Online marketers rave about e-mail’s cost-effectiveness as a marketing tool, with larger companies typically sending an average 3 million e-mails per month, according to new research from Cambridge, MA-based Forrester Research Inc. But with consumer e-mail overload, high CPM costs and trouble with rented lists, e-mail has emerged as a better customer retention than acquisition tool, the research says.
Some 90% of marketers’ e-mail are sent to existing customers, with e-mail now accounting for about 10% of online marketing budgets. But though marketers expect to increase the number of e-mails they send in the future, they’ll need to recast e-mail campaigns as segment-specific, sequenced e-mail conversations to retain their effectiveness, says Forrester analyst Shar VanBoskirk.
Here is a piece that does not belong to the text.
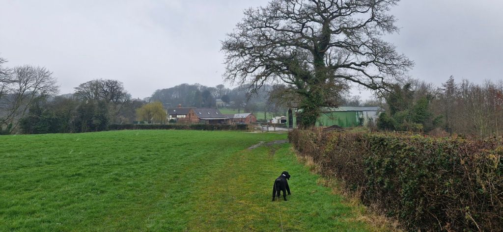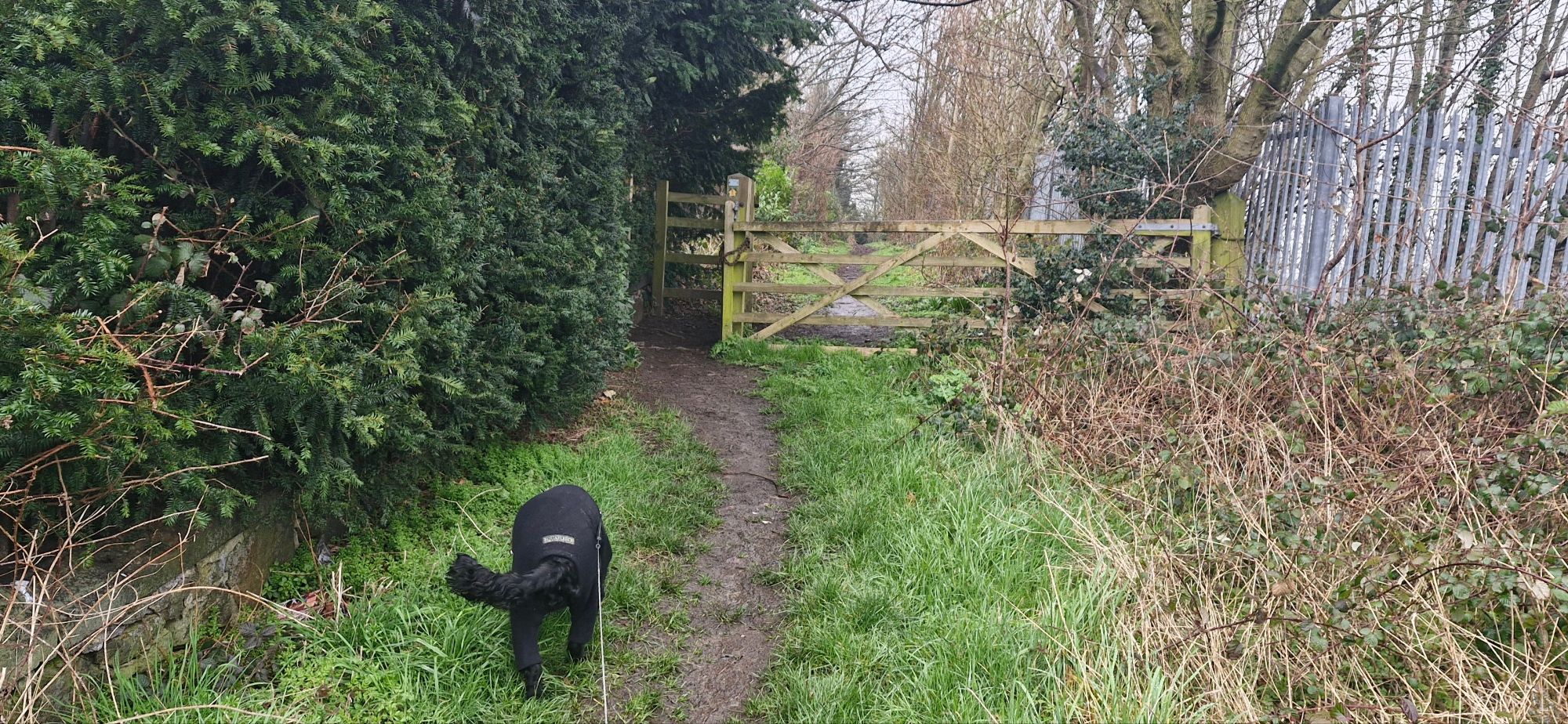 On reaching a metal kissing gate, we turned left along the side of the graveyard on a well trodden path. The walk was starting to get muddy at this point. My human threatened me with a hosing down when we returned home. I didn’t mind. Mud and puddles. Yay!!!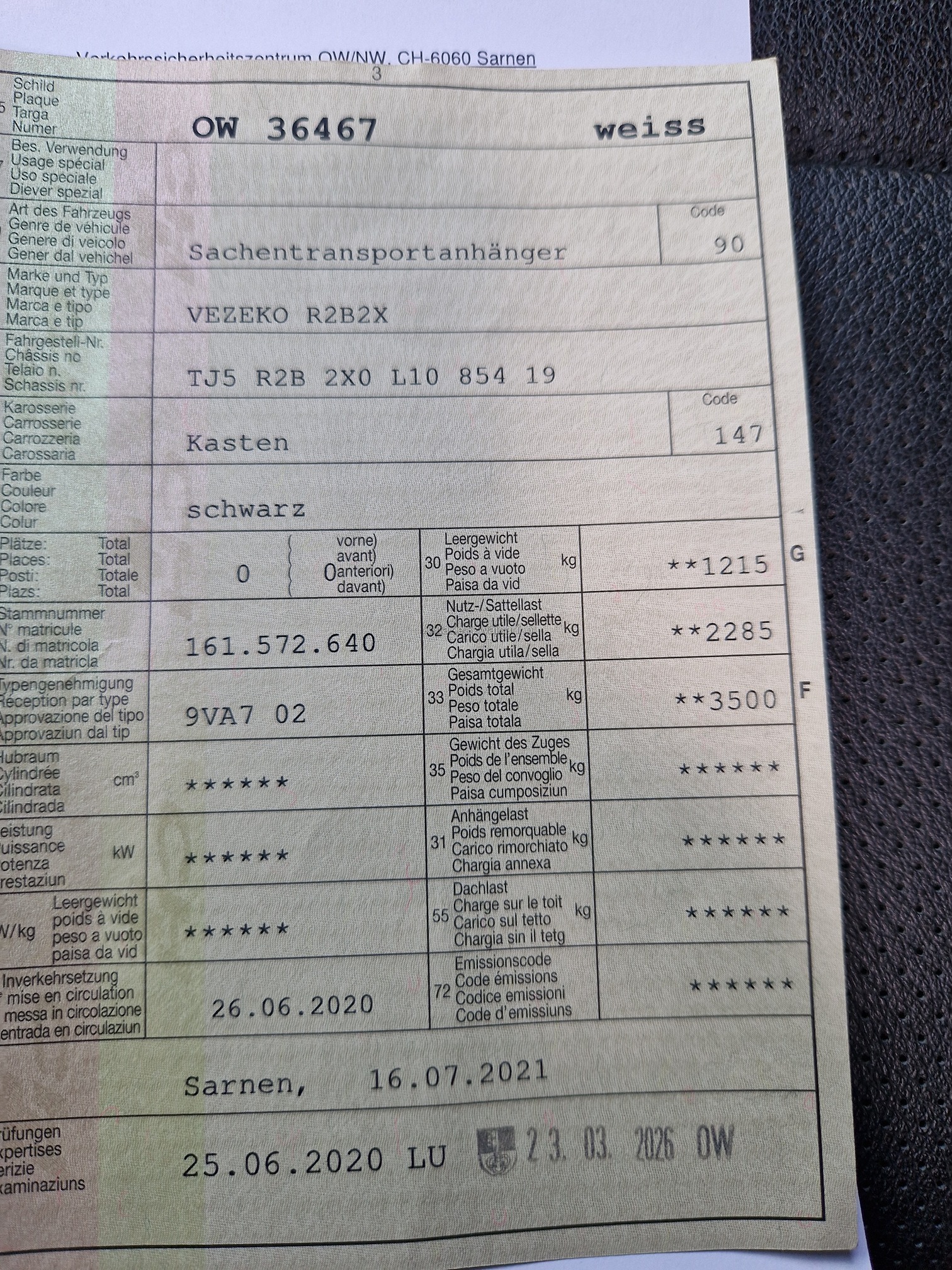 | Kommentar | Vezeko R2B2X Sachentransportanhänger Frisch ab Mfk Kratzer vorhanden in der schwarzen Folie Wird im Auftrag verkauft |

“Many marketers have made e-mail the foundation of their digital marketing strategy,” says VanBoskirk. But with consumers bombarded with more and more messages, marketers' enthusiasm for blast-it-out e-mail risks customer backlash, she says.
A customer-specific focus built on segmentation as to message content and frequency will make marketing e-mail stand out from the clutter, she adds. Though some e-marketers don’t have the capacity to support such customization in-house, delivery can be outsourced to vendors with the necessary technology platforms, while marketers work on probing customer data for customer segmentation, message development and “persona development"—using consumer data to create profiles that represent different user motivations.
And though marketers will seek to handle that in-house, moving from an e-mail campaign to an e-mail conversation approach — which Forrester defines as an ongoing series of e-mails tailored to customers' motivations and sequenced to guide them through the purchase process -- will also likely require outside help from specialists, particularly initially.
“Marketers want to move e-mail management in-house because they perceive it as involving basic message delivery – sending a single message to undifferentiated customers,” says Van Boskirk. "But as marketers execute more complex e-mail conversations, they will outsource to get the support they need.”